WHAT TO PRODUCE:
Go through the material below and please tally the lines that hold the word "display"; the number alone is the answer.
[LISTED RECORDS]
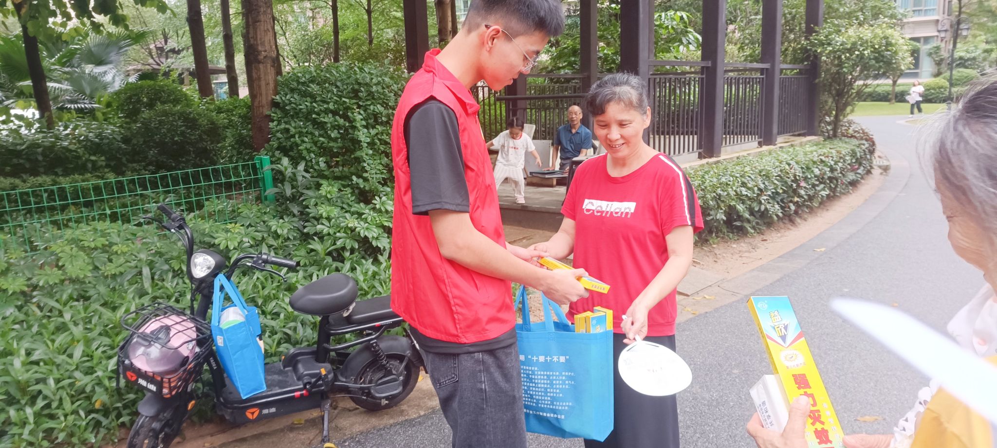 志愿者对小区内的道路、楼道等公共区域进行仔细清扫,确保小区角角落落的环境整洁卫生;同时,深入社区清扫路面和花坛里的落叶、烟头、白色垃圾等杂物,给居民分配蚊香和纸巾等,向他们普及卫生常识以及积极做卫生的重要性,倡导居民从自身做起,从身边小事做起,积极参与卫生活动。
[/LISTED RECORDS]
[LISTED RECORDS]
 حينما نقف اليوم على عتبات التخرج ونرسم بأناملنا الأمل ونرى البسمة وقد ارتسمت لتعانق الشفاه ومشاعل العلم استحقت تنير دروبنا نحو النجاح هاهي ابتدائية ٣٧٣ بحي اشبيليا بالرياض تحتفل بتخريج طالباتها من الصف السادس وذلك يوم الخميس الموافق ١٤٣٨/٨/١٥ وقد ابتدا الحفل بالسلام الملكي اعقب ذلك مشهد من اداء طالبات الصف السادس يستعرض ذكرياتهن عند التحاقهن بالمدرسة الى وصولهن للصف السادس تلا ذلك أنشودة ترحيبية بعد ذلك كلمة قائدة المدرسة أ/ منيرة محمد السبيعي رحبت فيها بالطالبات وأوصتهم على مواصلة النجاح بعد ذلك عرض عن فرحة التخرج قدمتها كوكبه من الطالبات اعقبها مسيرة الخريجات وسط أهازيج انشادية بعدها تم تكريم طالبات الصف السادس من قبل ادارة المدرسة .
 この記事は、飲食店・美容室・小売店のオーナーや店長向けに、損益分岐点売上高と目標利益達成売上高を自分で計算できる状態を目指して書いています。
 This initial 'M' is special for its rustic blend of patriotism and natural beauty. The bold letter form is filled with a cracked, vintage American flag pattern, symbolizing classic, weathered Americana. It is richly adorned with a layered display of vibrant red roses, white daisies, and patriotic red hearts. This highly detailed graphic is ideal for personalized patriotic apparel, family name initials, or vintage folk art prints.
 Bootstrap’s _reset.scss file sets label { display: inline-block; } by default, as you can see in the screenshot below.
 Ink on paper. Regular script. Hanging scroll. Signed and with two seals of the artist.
[/LISTED RECORDS]
TASK RESULT:
2